The process of how to lower cortisol naturally starts with stress reduction:

  • Mindfulness and meditation: Mindfulness and meditation, performed on a consistent basis, lower cortisol by engaging the parasympathetic nervous system.
  • Deep breathing: Slow, deep diaphragmatic breathing lowers stress hormones immediately.
  • Nature time: Outdoor time in parks and other locations lowers cortisol levels naturally.
  • Social connection: Healthy social relationships and social support as a buffer against stress.

Lifestyle Changes

  • Sleep well: Develop consistent sleeping routines, build dark sleeping bedrooms, and sleep 7-9 hours at night to allow room for healthy sleep and cortisol cycles.
  • Daily exercise: Daily moderate exercise keeps stress low, but don't over-exercise. Yoga and tai chi best balance cortisol.
  • Dietary habit: Eat whole foods that is high in omega-3 fats, antioxidants, and fiber. No caffeine, alcohol, or processed sugar.
  • Supplements: Ashwagandha, omega-3 fatty acids, phosphatidylserine, and magnesium will reduce cortisol, but see medical experts first before taking supplements.

When Cortisol Is Too Low?


Adrenal Insufficiency

Low cortisol, less commonly found, is dangerous too. Addison's disease is primary adrenal insufficiency when adrenal glands are not sufficient to make cortisol. Secondary insufficiency is when pituitary is not stimulating sufficient release of cortisol.
Darkening of complexion, weakness, lassitude, weight loss, salt craving, hypotension, and mood swing are symptoms and signs. Low cortisol levels, if not treated, is a killer and must be treated by a physician immediately.

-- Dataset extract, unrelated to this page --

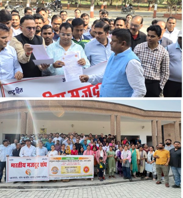 संत कबीर नगर : संयुक्त राष्ट्रीय स्वास्थ्य मिशन कर्मचारी संघ और भारतीय मजदूर संघ के संयुक्त तत्वाधान में राष्ट्रव्यापी ज्ञापन कार्यक्रम का आयोजन देशभर के जिला मुख्यालयों पर किया गया, इसी क्रम में संत कबीर नगर स्थित जिलाधिकारी कार्यालय पर राष्ट्रीय स्वास्थ्य मिशन (NHM) उत्तर प्रदेश के अंतर्गत कार्यरत संविदा कार्मिकों ने अपनी विभिन्न लंबित समस्याओं को लेकर प्रधानमंत्री और मुख्यमंत्री को संबोधित ज्ञापन जिलाधिकारी के माध्यम से भेजा. कार्मिकों का कहना है कि वर्षों से प्रदेश की स्वास्थ्य व्यवस्था की रीढ़ बनकर कार्य करने के बावजूद उन्हें वेतन विलंब, सेवा असुरक्षा और सामाजिक सुरक्षा के अभाव जैसी गंभीर चुनौतियों का सामना करना पड़ रहा है।

Diagnosis and Medical Management


Testing for Cortisol Imbalance

A laboratory test carried out by the blood test, saliva test, or urine test to measure cortisol is done. Doctors can prescribe the following cortisol test options:

  • Morning cortisol level to make an estimate of peak cortisol
  • Total day output 24-hour urine collection
  • Late-evening salivary cortisol to assess elevated evening level
  • ACTH stimulation test to assess adrenal function

Treatment

  • Cushing's syndrome secondary Hypercortisolism is treated by surgery, radiation, or medication. Hypercortisolism is replaced by hormone drug under close medical supervision.
  • In secondary increases due to stress in the absence of disease, change of life-style under therapy or counseling usually halts cortisol imbalance control.

Conclusion

Cortisol-dependent lives in fighting to maintain metabolism, immunity, and reaction to stress. Stressful living and new lifestyle, although typically very common, defy cortisol regulation and cause chaos to health conditions. Knowing how cortisol behaves when stressed, having a familiarity with symptoms of Hypercortisolism, and responding to natural cortisol decline can save body and mental well-being.

High, low, good diagnosis with cortisol testing and good treatment medical care or dietary modification is waiting to get everything under control and enhance quality of life. Don't also recall that conquering cortisol imbalance isn't a question of removing stress from the equation but of being ready for resiliency and good response to the inescapable potholes in life's highway.

Please book an appointment with the Best Endocrinologist in Lahore, Karachi, Islamabad, and all major cities of Pakistan through InstaCare, or call our helpline at 03171777509 to find the verified doctor for your disease.